In the present invention, magnetic resonance means is provided between the discharge circuit section 2 and the power boosting section 4 as frequency multiplication means for extracting a harmonic wave having an input frequency harmonic component and an integer multiple of 2 or more of the fundamental frequency. 3, the resonance frequency f 2 between the power booster 4 and the first resonance coil 31 of the magnetic resonance means 3 is equal to the frequency (nf 1 ) of the multiplied wave, and the discharge electrodes 10, 11. Is set to be equal to the resonance frequency f 0 between the discharge circuit section 2 and the second resonance coil 30 of the magnetic resonance means 3 when the pressure is within a predetermined pressure range.

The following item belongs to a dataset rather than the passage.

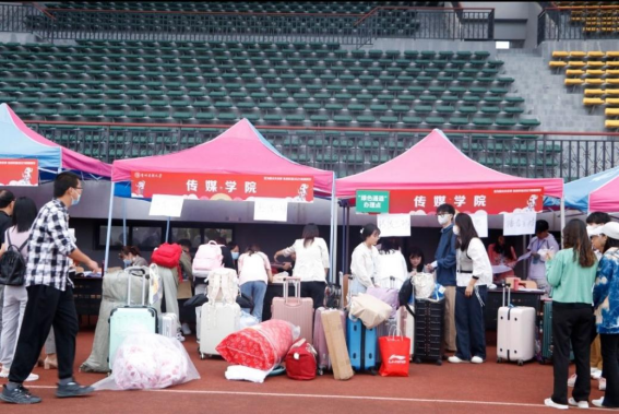 在田径场上设置了报到登记处、行李暂放处、绿色通道等。同时,每个环节都有志愿者学长学姐热情引导,细心服务,协助新生办理入学事宜。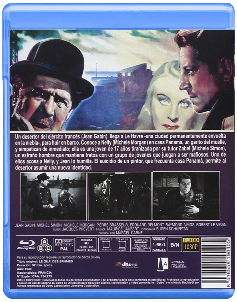 https://dvdstorespain.es/en/films/16370-le-quai-des-brumes-bluray--8436558190405.html16370Le Quai Des Brumes [BLU_RAY]<div><br />A deserter from the French army (Jean Gabin) arrives in Le Havre - a city permanently shrouded in fog - to flee by boat. He meets Nelly (Michèle Morgan) at Casa Panamá, a dive on the dock, and they hit it off immediately; She is a 17-year-old girl tyrannized by her tutor Zabel (Michele Simon), a strange man who has dealings with a group of young people who play at being gangsters. One of them harasses Nelly, and Jean humiliates him. The suicide of a painter, who frequents Casa Panamá, allows the deserter to assume a new identity.</div>https://dvdstorespain.es/540726-home_default/le-quai-des-brumes-bluray-.jpg6.5289instockResearch Entertainment6.52896.5289002015-06-14T22:06:03+0200/Start/Start/Blu-Ray/Start/Films/Start/New/Start/EVENING SP 70/Start/VELADA DE 80/Start/VELADA FR 80/Start/VELADA IT 80Marcel CarneJean GabinMichael Simon

点火プラグ1は、図略の内燃機関に設けられ、少なくとも、互いに絶縁保持された一対の放電電極10、11を具備する。
放電部回路2は、本図(b)に示すように、誘導成分として、磁気共鳴手段3の第2の共振コイル30のインダクタンスL30と第2の共振コイル30と点火プラグ1とを繋ぐ配線の寄生インダクタンスL21との合成インダクタンスLを具備し、容量成分(第2のコンデンサの静電容量)として、点火プラグ1の放電電極間(10、11)に形成される寄生容量C20と放電空間に形成される寄生容量CCMBとの合成コンダクタンスCを具備し、抵抗成分として、放電空間に放電が開始される際の放電抵抗RCMBと配線抵抗R22との合成抵抗Rとを具備して、LCR共振回路を構成している。
The spark plug 1 is provided in an internal combustion engine (not shown) and includes at least a pair of discharge electrodes 10 and 11 that are insulated and held from each other.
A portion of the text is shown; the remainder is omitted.